DATA SUPPLIED:
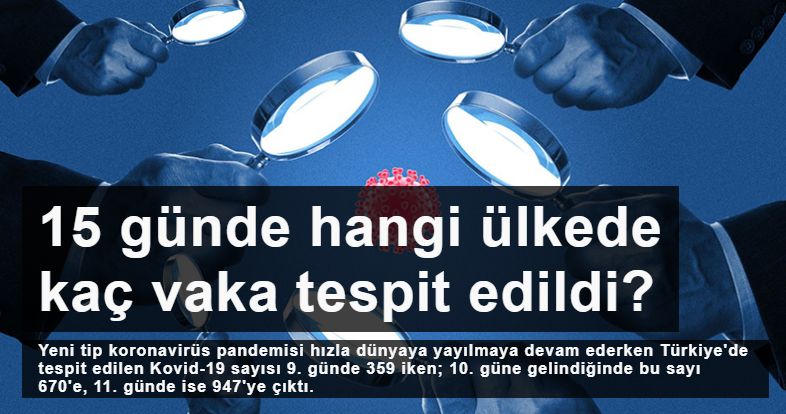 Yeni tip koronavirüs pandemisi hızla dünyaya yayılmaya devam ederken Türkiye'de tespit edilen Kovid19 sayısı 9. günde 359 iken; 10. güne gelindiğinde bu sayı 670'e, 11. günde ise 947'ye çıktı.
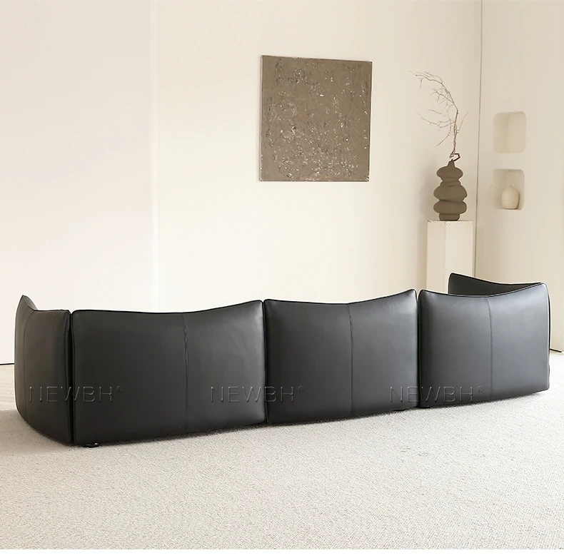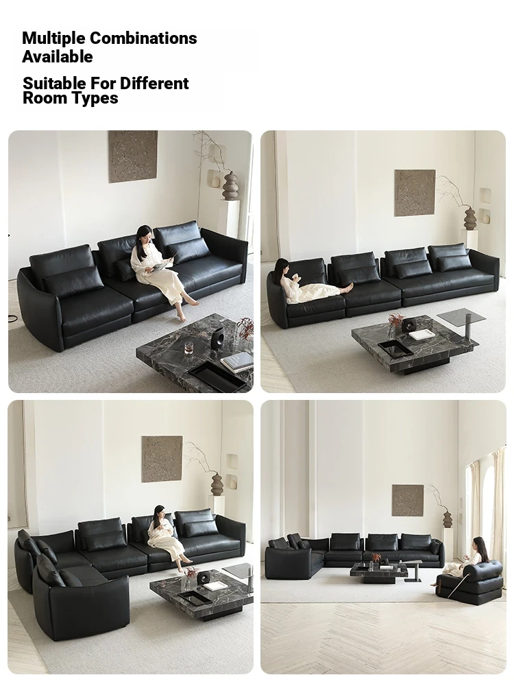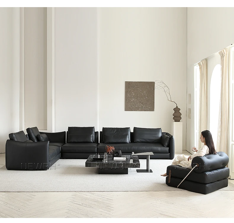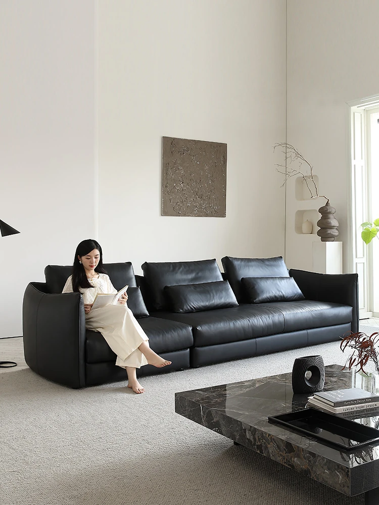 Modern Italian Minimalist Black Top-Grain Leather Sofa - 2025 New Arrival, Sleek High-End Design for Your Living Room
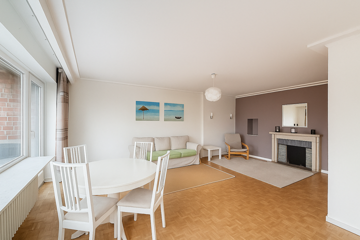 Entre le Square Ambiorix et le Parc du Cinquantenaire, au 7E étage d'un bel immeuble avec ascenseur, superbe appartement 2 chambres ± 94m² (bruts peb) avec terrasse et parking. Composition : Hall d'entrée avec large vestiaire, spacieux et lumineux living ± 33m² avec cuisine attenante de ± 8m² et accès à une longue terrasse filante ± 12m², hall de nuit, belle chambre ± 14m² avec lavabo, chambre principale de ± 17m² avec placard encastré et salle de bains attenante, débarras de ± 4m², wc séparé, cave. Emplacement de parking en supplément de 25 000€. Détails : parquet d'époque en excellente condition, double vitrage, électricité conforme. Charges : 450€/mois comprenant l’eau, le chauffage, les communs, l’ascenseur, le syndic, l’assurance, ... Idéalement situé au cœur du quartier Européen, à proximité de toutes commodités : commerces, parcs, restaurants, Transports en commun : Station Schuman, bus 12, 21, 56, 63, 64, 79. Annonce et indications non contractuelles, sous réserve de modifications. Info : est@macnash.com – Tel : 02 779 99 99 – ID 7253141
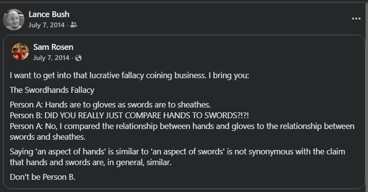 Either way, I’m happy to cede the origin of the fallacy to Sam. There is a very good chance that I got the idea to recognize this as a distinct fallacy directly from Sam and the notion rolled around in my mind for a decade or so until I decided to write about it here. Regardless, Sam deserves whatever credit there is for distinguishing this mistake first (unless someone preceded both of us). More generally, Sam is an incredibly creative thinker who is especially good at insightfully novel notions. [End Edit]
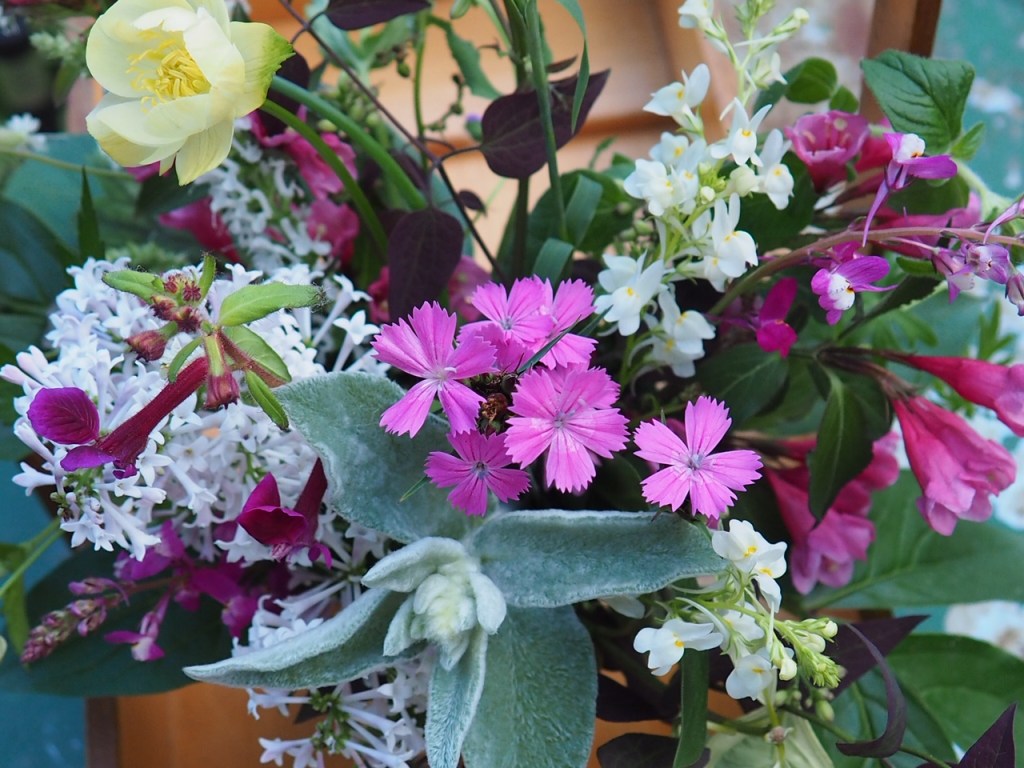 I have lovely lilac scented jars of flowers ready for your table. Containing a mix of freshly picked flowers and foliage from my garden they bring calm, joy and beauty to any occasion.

PROBLEM DESCRIPTION: The answer must be the listing above, restated word for word, with no images in it.

ANSWER TO THIS PROBLEM:
 Yeni tip koronavirüs pandemisi hızla dünyaya yayılmaya devam ederken Türkiye'de tespit edilen Kovid19 sayısı 9. günde 359 iken; 10. güne gelindiğinde bu sayı 670'e, 11. günde ise 947'ye çıktı.
 Modern Italian Minimalist Black Top-Grain Leather Sofa - 2025 New Arrival, Sleek High-End Design for Your Living Room
 Entre le Square Ambiorix et le Parc du Cinquantenaire, au 7E étage d'un bel immeuble avec ascenseur, superbe appartement 2 chambres ± 94m² (bruts peb) avec terrasse et parking. Composition : Hall d'entrée avec large vestiaire, spacieux et lumineux living ± 33m² avec cuisine attenante de ± 8m² et accès à une longue terrasse filante ± 12m², hall de nuit, belle chambre ± 14m² avec lavabo, chambre principale de ± 17m² avec placard encastré et salle de bains attenante, débarras de ± 4m², wc séparé, cave. Emplacement de parking en supplément de 25 000€. Détails : parquet d'époque en excellente condition, double vitrage, électricité conforme. Charges : 450€/mois comprenant l’eau, le chauffage, les communs, l’ascenseur, le syndic, l’assurance, ... Idéalement situé au cœur du quartier Européen, à proximité de toutes commodités : commerces, parcs, restaurants, Transports en commun : Station Schuman, bus 12, 21, 56, 63, 64, 79. Annonce et indications non contractuelles, sous réserve de modifications. Info : est@macnash.com – Tel : 02 779 99 99 – ID 7253141
 Either way, I’m happy to cede the origin of the fallacy to Sam. There is a very good chance that I got the idea to recognize this as a distinct fallacy directly from Sam and the notion rolled around in my mind for a decade or so until I decided to write about it here. Regardless, Sam deserves whatever credit there is for distinguishing this mistake first (unless someone preceded both of us). More generally, Sam is an incredibly creative thinker who is especially good at insightfully novel notions. [End Edit]
 I have lovely lilac scented jars of flowers ready for your table. Containing a mix of freshly picked flowers and foliage from my garden they bring calm, joy and beauty to any occasion.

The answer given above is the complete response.